I’ve got files. I want to send those files to another computer that I have ssh access to. What do I do?
Secure File Copy
I’d assume most who have used ssh in some capacity are familiar with
the program scp
.
Excerpt from man page scp(1):
scp copies files between hosts on a network.
scp uses the SFTP protocol over a ssh(1) connection for data transfer, and uses the same authentication and provides the same security as a login session.
scp will ask for passwords or passphrases if they are needed for authentication.
Say you want to transfer folder of files to some remote machine’s
user’s folder. Say the folder is called x
, the remote machine is
called remote
and the remote user is called user
. The invocation
of scp would look like
scp -r x user@remote:~/folder
where -r
stands for recursive. The right hand is a classic URL
construction and is both intuitive and universal on the *nix’s.
Why I hate SCP
Well actually I don’t really? It’s an acceptable program for what it’s meant to do. It’s simple and only requires SSH. But it’s not very smart, which makes it wasteful.
It craps itself when your connection drops
If partway through a transfer the connection drops, maybe your internet drops for whatever reason or the remote machine dies, SCP will just stop. If you invoke it again, it will start right from the beginning of the file.
It has no sense of caching in files
Let’s say I have the same file on my machine as the remote machine. I
add a newline then copy it over to the remote. scp
will copy the
entire file, byte by byte, to the remote machine even though the
actual difference between the two is only one byte.

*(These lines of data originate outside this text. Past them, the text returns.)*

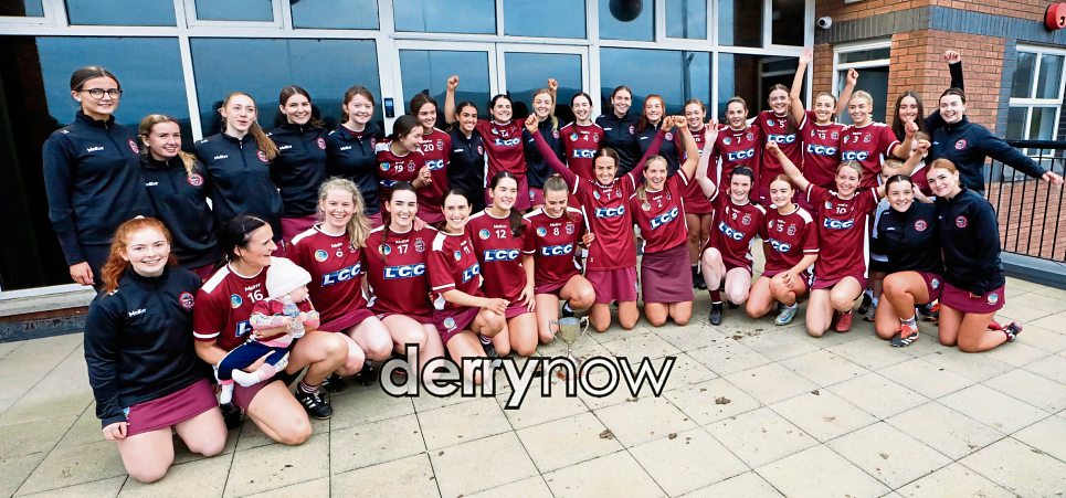 Slaughtneil ladies team celebrate winning the Senior Camogie Championship, beating Swatragh in the final at St Colm's Ballinascreen GAC on Saturday.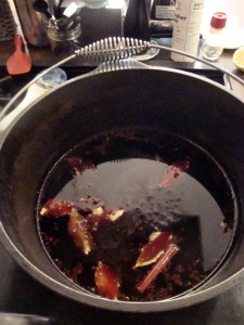 - 2 cups Barolo or Zinfandel (the local wine shop recommended a wine made with the same grapes as Barolo that did not cost fifty dollars a bottle and it worked out just fine)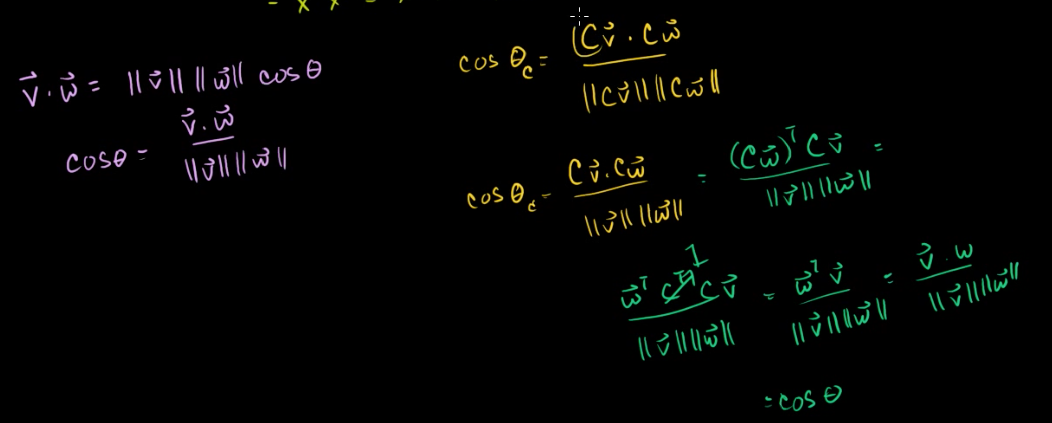 cosθc = ( (Cw)TCv ) / ( ||v|| ||w|| )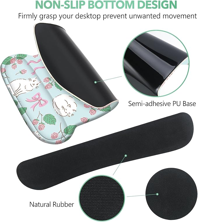 - Ergonomic Wrist Rest Design. The mouse pad set designed with curved shape wrist rest, filled in premium memory foam, keeps your hand in a neutral position for ergonomic comfort, maximum relieve the pain and tiredness to your hand, wrist, elbow, shoulder while typing or playing games. Soft breathable Lycra fabric is smooth and silky, allow the mouse to slide easily.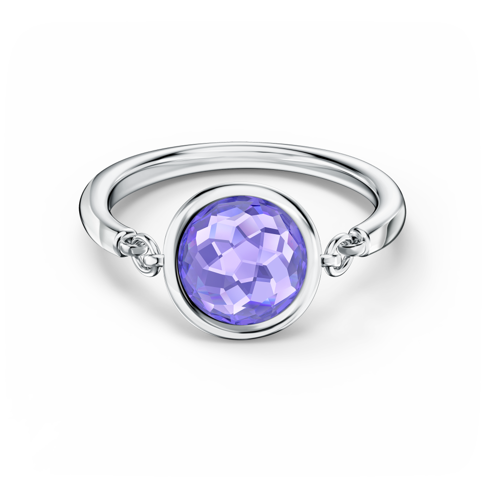 This Swarovski ring highlights the purity of crystals through expert craftsmanship. A round crystal, beautifully sparkling in a purple hue, takes center stage, held by two shimmering chain links which emphasize its timeless appeal. Simple yet elegant, it is perfect for stacking with other rings for a stylish effect. Intended as a lasting addition to your jewelry collection, this ring is a great accent to everyday looks and a thoughtful gift for someone special.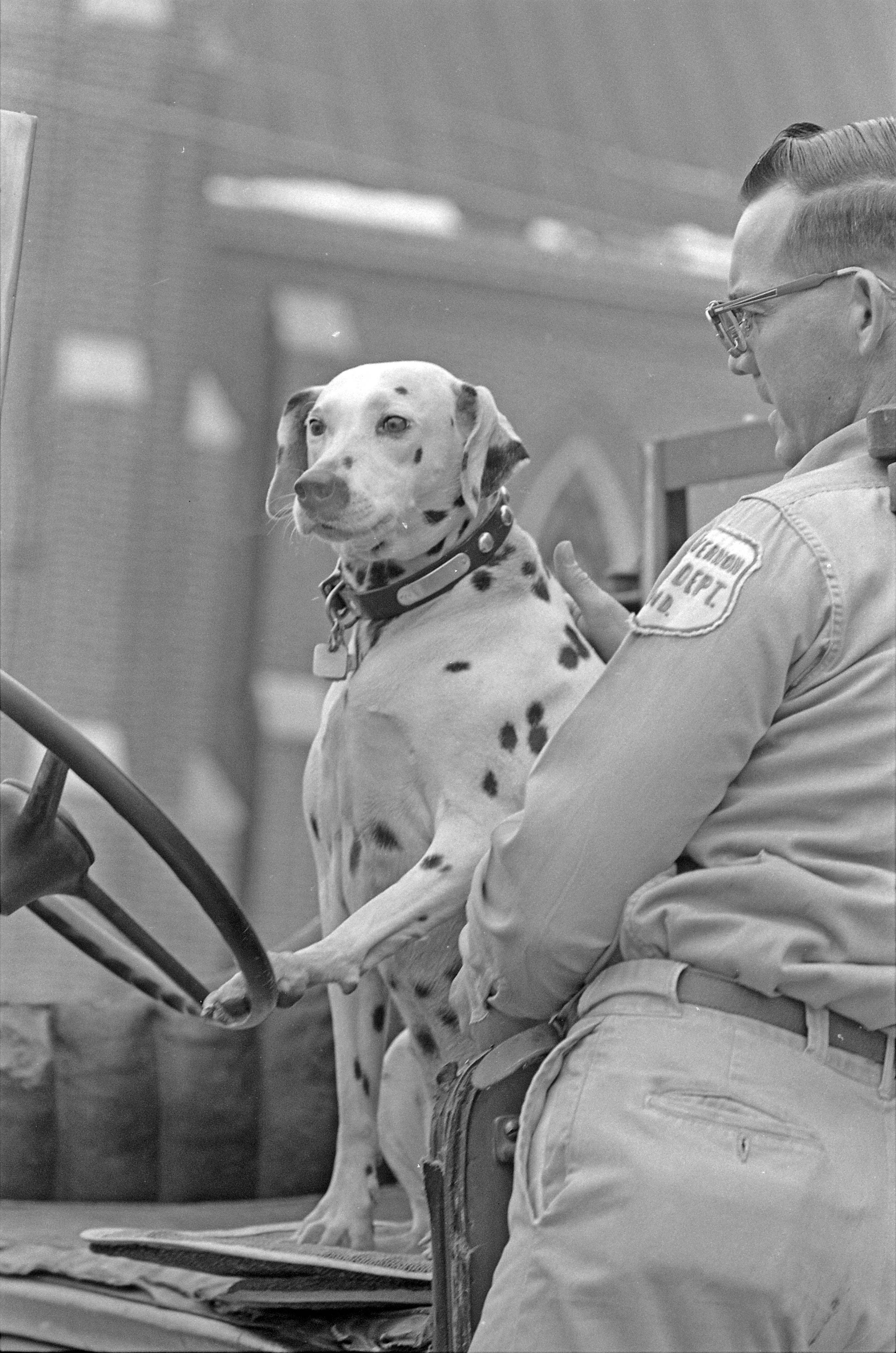 Dot, the dalmation mascot for the fire department, ontop of firehoses

It has no sense of caching in folders
Let’s say I have the same folder of files on my machine as the remote
machine. I add a file to the folder. scp
will copy the entire
folder, file by file, byte by byte to the remote machine despite only
realistically needing to copy one file.
You may argue that this is entirely the caller’s fault; if they want to only copy the specific new file they should do so manually. To that I say: why can’t the program figure that out for me?
With that, I introduce…
Rsync: The only copy program you’ll ever need
Rsync is another file copy program for the *Nix’s. It usually uses a SSH connection to send and receive data, but it can use other mediums for a connection. It can even transfer files on the same machine1. It requires the rsync program present on both the origin and the remote, but that’s a small requirement for the returns this program can bring.

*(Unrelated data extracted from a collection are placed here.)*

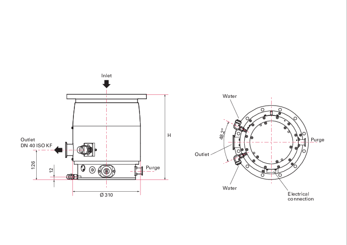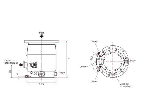 带 DN 40 ISO KF 接口的真空设备部件图纸,标注了进出气口、水路等结构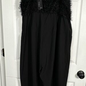 Gorgeous black Eloquii jumpsuit, wide leg, fun textured fringe at top, size 20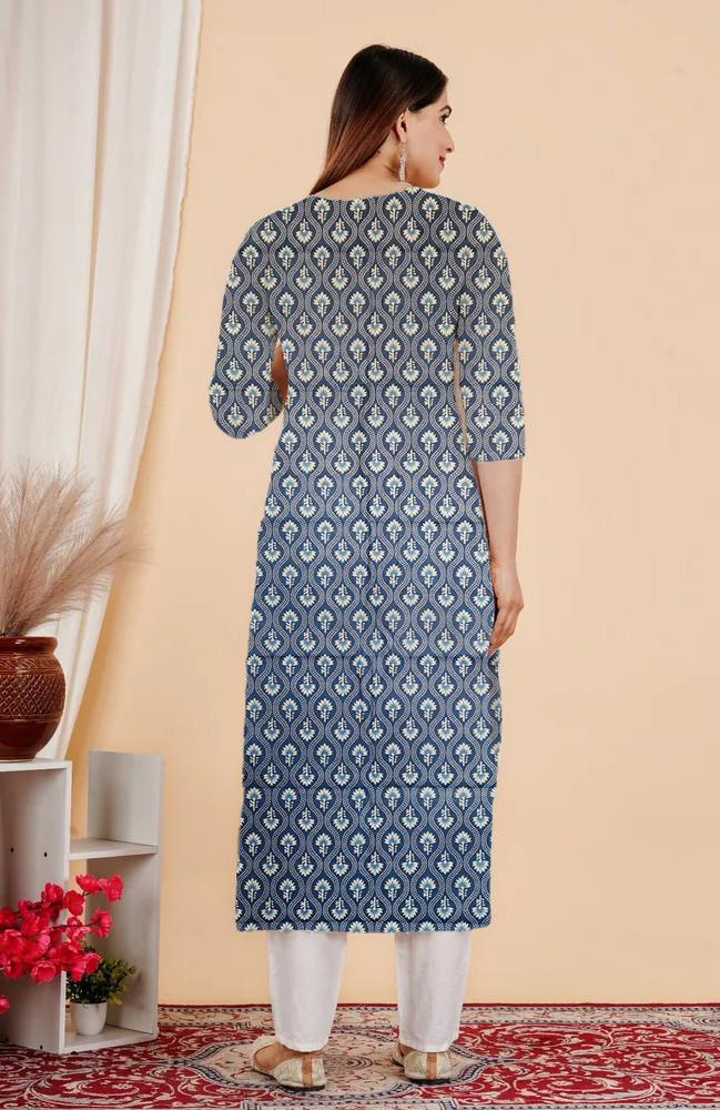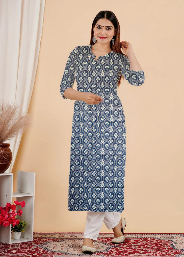 This Kurti look will catch your fancy at a single glance. This Printed Kurti features 3/4th sleeves that adds to its classy look. Besides, the use of Suitable quality Cotton fabric in its making further ensures that you stay comfortable all day long. Pair it with Jeans Pant or Leggis for a cohesive look that exudes confidence.

Rsync’s claim to fame is the delta transfer algorithm. When
transferring some file, rsync can calculate the difference between the
origin and the remote’s version of the file. Rsync will only transfer
this delta (the updated portions) over the wire. This, of course,
speeds up transfers. The speedup is most apparent with large folders
where deltas are recursively computed for each member of the folder,
such that only new changes across the entire folder are sent over the
wire. These deltas can even be compressed via a variety of
compression programs such as xz
or zstd
to make the transfers even
smaller.
You can see clearly why rsync needs to be installed on both sides of the transfer: the program both computes a diff between the origin and the remote’s versions of a file, and applies the diff on the remote. Having a program on both sides also means transfers can be paused or dropped half way then resumed later: figuring out what’s left to transfer of a file is the same as computing the remaining delta to send.
You may say that this would’ve been useful in ye olde days when internet speeds were very slow, while nowadays internet speeds and storage sizes are so large that this is a negligible speed increase. I argue that it doesn’t matter if internet speeds are faster; transferring a 1GB folder will always be noticeably slower than transferring the 10MB delta.
-
This seems pointless but with delta-transfer it’s actually quite fast at doing rather large copies. ↩︎